이 경우, 이벤트 검출부(120)는, 동영상으로부터 상기의 특징 추출 처리와 마찬가지로 mxn픽셀의 화상을 잘라내고, 잘라낸 데이터에 기초하여 특징 벡터의 상관 행렬을 구하고, K-L 전개에 의해 정규 직교 벡터를 구한다. 이에 의해, 이벤트 검출부(120)는, 연속한 화상으로부터 얻어지는 얼굴의 특징을 나타내는 부분 공간을 계산할 수 있다.In this case, the event detection unit 120 cuts out an image of mxn pixels from the moving image as in the feature extraction process, obtains a correlation matrix of feature vectors based on the cut data, and obtains a normal orthogonal vector by K-L expansion. Thereby, the event detection part 120 can calculate the partial space which shows the characteristic of the face obtained from a continuous image.

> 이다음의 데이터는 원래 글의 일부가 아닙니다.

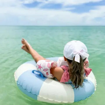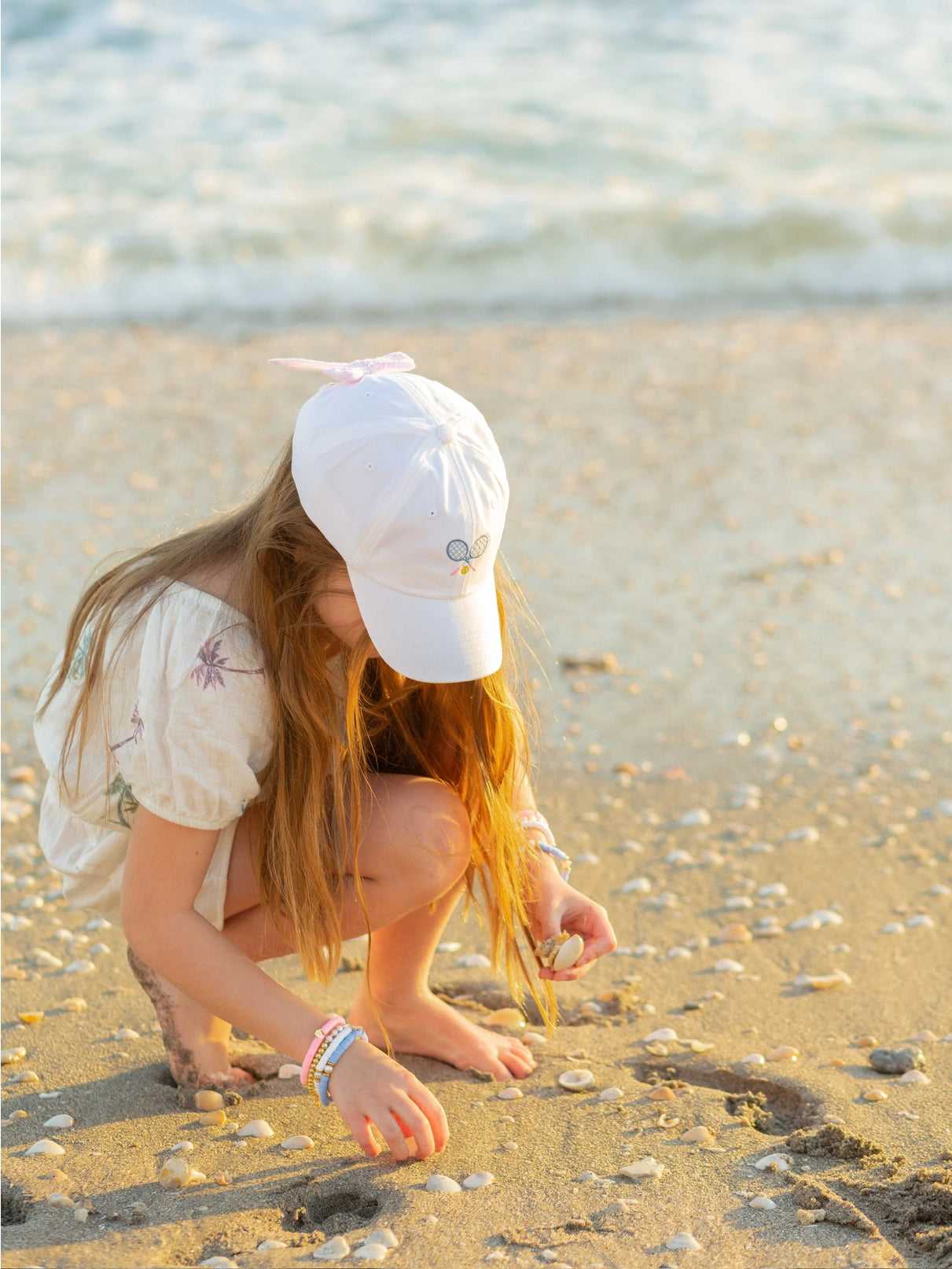 Serve up style with this Tennis Bow Baseball Hat. Cute, comfortable, and effortlessly sporty for all her adventures. Finished with an adorable pink/white seersucker bow.

부분 공간의 계산법에 따르면, 특징 벡터의 상관 행렬(또는 공분산 행렬)이 산출되고, 그 K-L 전개에 의한 정규 직교 벡터(고유벡터)가 산출되어, 부분 공간이 산출된다. 부분 공간은, 고유값에 대응하는 고유 벡터를, 고유값이 큰 순서로 k개 선정하고, 그 고유 벡터 집합을 사용해서 표현한다. 본 실시예에서는, 상관 행렬 Cd를 특징 벡터로부터 구하고, 상관 행렬 Cd=□d □d □d T와 대각화하고, 고유벡터의 행렬□를 구한다. 이 정보가 현재 인식 대상으로 하고 있는 인물의 얼굴의 특징을 나타내는 부분 공간으로 된다.According to the calculation method of the subspace, the correlation matrix (or covariance matrix) of the feature vector is calculated, and the normal orthogonal vector (unique vector) by the K-L expansion is calculated, and the subspace is calculated. The subspace selects k eigenvectors corresponding to the eigenvalues in the order of the largest eigenvalues, and expresses them using the eigenvector set. In this embodiment, the correlation matrix Cd is obtained from the feature vector, diagonalized with the correlation matrix Cd = d d d d, and a matrix of eigenvectors is obtained. This information is a subspace representing the feature of the face of the person currently being recognized.

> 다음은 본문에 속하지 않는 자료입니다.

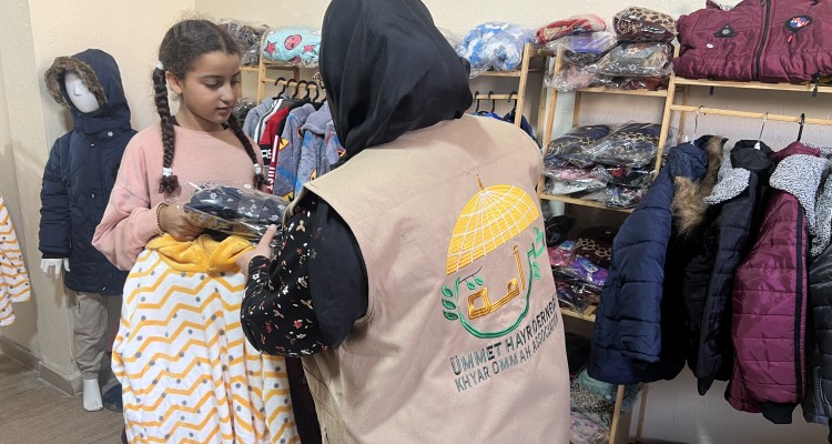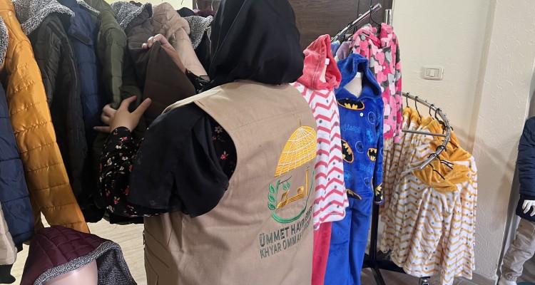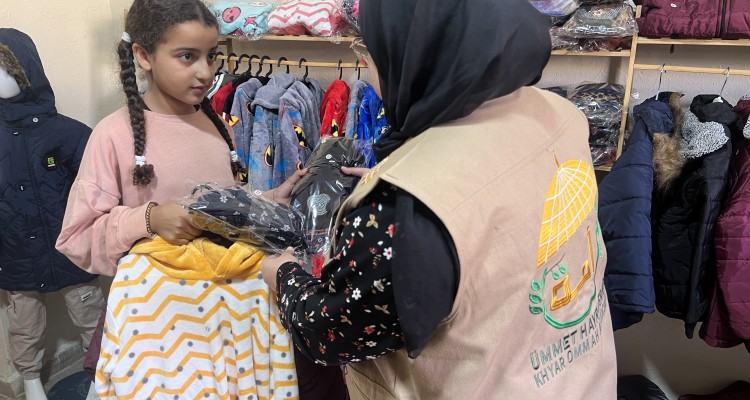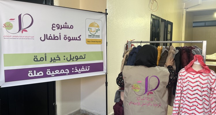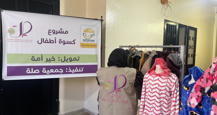 كسوة شتاء للأطفال النازحين بتمويل كريم من جمعية خير أمة

이러한 방법으로 출력된 부분 공간과 같은 특징 정보를 입력된 화상에서 검출된 얼굴에 대한 개인의 특징 정보로 한다. 이벤트 검출부(120)는, 얼굴 특징추출 수단에 의해 계산된 입력 화상에 대한 얼굴 특징 정보와, 사전에 복수의 얼굴이 등록되어 있는 검색 특징 정보 관리부(130)의 얼굴 특징 정보와의 유사성을 나타내는 계산을 행하여 보다 유사성이 높은 것으로부터 순서대로 결과를 되돌리는 처리를 행한다.The feature information such as the subspace output in this manner is used as the feature information of the individual with respect to the face detected in the input image. The event detection unit 120 calculates a similarity between the facial feature information on the input image calculated by the facial feature extraction unit and the facial feature information of the search feature information management unit 130 in which a plurality of faces are registered in advance. Processing to return the results in order from the one with higher similarity.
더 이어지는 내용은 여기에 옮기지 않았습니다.